1 files changed, 221 insertions, 87 deletions

diff --git a/wiretap/libpcap.c b/wiretap/libpcap.c
index c12a4b34e1..539ca4c83e 100644
--- a/wiretap/libpcap.c
+++ b/wiretap/libpcap.c
@@ -1,6 +1,6 @@
 /* libpcap.c
  *
- * $Id: libpcap.c,v 1.37 2000/07/30 16:54:11 oabad Exp $
+ * $Id: libpcap.c,v 1.38 2000/08/25 06:25:21 guy Exp $
  *
  * Wiretap Library
  * Copyright (c) 1998 by Gilbert Ramirez <gram@xiexie.org>
@@ -45,74 +45,201 @@ static gboolean libpcap_dump(wtap_dumper *wdh, const struct wtap_pkthdr *phdr,
     const union wtap_pseudo_header *pseudo_header, const u_char *pd, int *err);
 
 /*
- * XXX - this is a bit of a mess.  OpenBSD, and perhaps NetBSD, and
- * BSD/OS have different DLT_ codes from FreeBSD (and from the LBL
- * BPF code), and, at least in some cases, from each other.

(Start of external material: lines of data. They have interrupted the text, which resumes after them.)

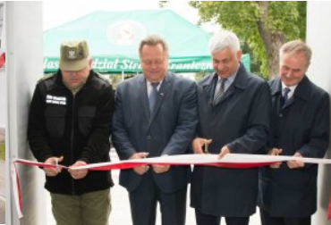
Uroczyste oddanie do użytku budynku nr 2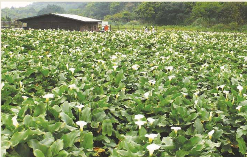
竹子湖白色海芋在一片翠綠中更顯清麗。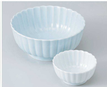
10-203-603 2,730円 青磁菊型丸刺身鉢(15.4×6.5) 10-204-603 1,110円 青磁菊型丸刺身千代口(8.5×4)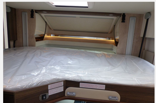
Camper NRW by Hartmann GmbH – Verkauf, Vermietung und Service von Reisemobilen Alfred-Nebel-Str. 7 | 41515 Grevenbroich | Tel.: 021 81 / 65 56-10 00 | anfrage@camper-nrw.de | www.camper-nrw.de CAMPER NRW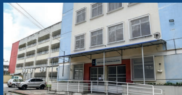
6. Reforma e instalações elétricas da Emef Professora Eunice Pereira da Silva - Tabuazeiro (Em execução)

- * For now, we simply treat those type values with different
- * meanings on different platforms, except for DLT_RAW, as "unknown";
- * this means you won't be able to capture from a network using those
- * types in Ethereal (and that capturing from the loopback interface
- * won't necessarily work right on OpenBSD, either, as it uses
- * DLT_LOOP, which is the same as DLT_RAW on other platforms).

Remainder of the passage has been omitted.